Treasury now estimates that an $80 billion investment could yield up to $561 billion in revenue over the next decade due to an increased ability to collect overdue and unpaid taxes. This is a significant increase from the previous estimate of $390 billion.
The increase in estimated revenue is attributed to improvements in IRS technology, operations and enforcement capabilities funded through the Inflation Reduction Act of August 2022.
The changes are designed to improve voluntary tax compliance. Compliance is one of the biggest issues facing the IRS, as the tax gap — the difference between taxes owed and taxes paid — has grown to $600 billion annually, according to the agency.
The Treasury’s increased revenue estimates come at an important time. The Senate is considering expensive border security legislation that includes aid to Ukraine and Israel.
Last year House Republicans incorporated a $1.4 billion reduction in IRS funding as part of a debt ceiling and budget cuts package passed by Congress. Another $20 billion from the agency was used to offset increases elsewhere in the federal budget.
National Economic Adviser Lael Brainard stressed the necessity to support the Internal Revenue Service if the U.S. is to reduce the federal deficit.
“This analysis demonstrates that President Biden’s investment in rebuilding the IRS will reduce the deficit by hundreds of billions of dollars by making the wealthy and big corporations pay the taxes they owe,” Brainard said in a statement.
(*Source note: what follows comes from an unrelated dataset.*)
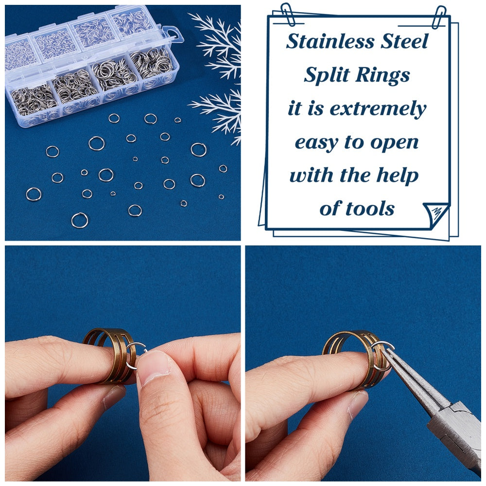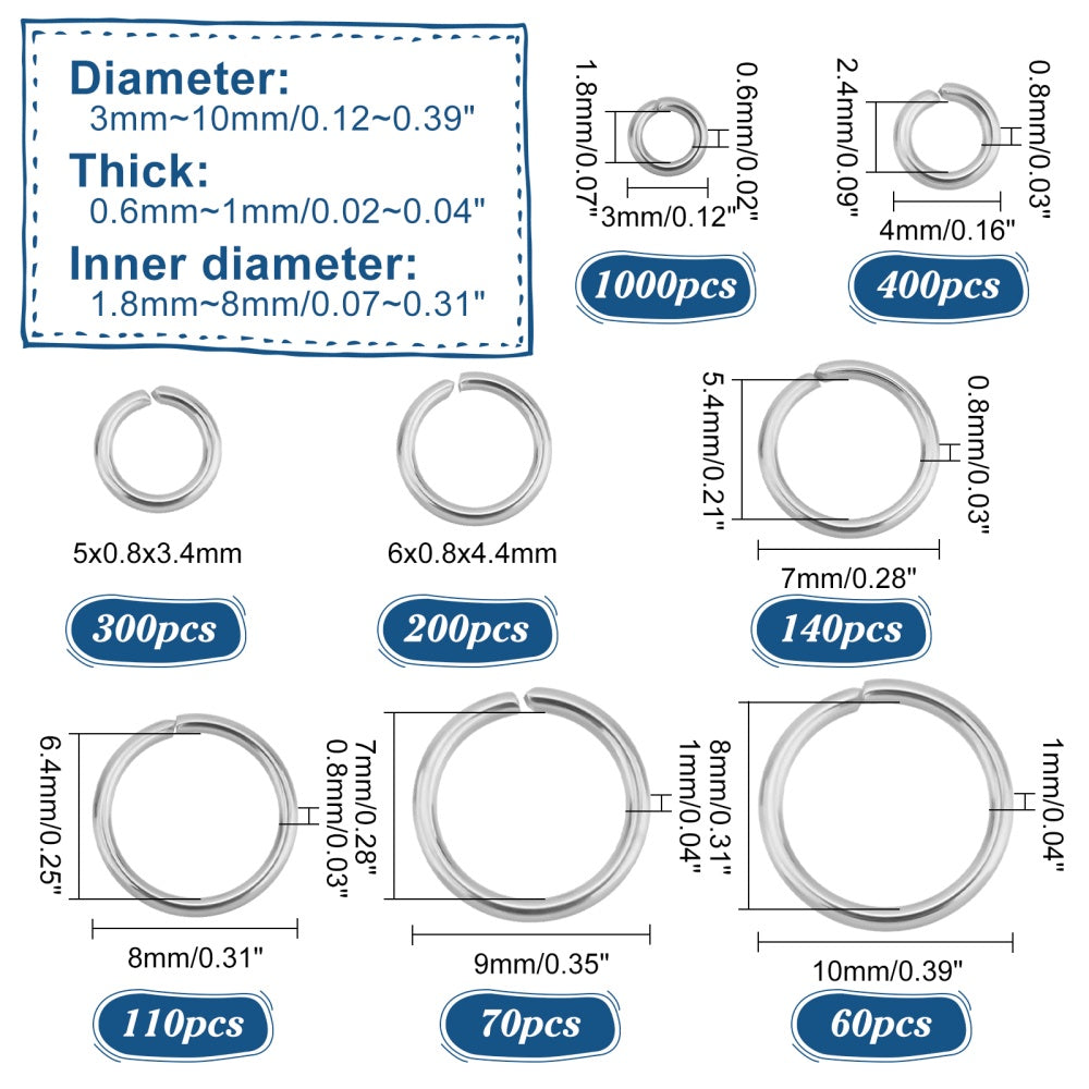 Stainless Steel Jump Rings 2240 dona 20-22 Gauge 3-10mm diametrli ochiq dumaloq zargarlik buyumlari uchun

“Congressional Republicans’ efforts to cut IRS funding show that they prioritize letting the wealthiest Americans and big corporations evade their taxes over cutting the deficit,” he said.
Treasury’s Deputy Assistant Secretary for Tax Analysis Greg Leiserson says the audit rate of millionaires fell by more than 70% from 2010 to 2019, with the audit rate for large corporations falling by more than 50%. The additional IRS funding is intended to help combat this trend.
The Republican chairman of the House Ways and Means Committee, Jason Smith, said in a statement that the report “calls for even more IRS funding, uses pie-in-the-sky numbers, all without being straightforward about where the burdens of massive new enforcement efforts will fall.”
Some information for this report came from The Associated Press and Reuters.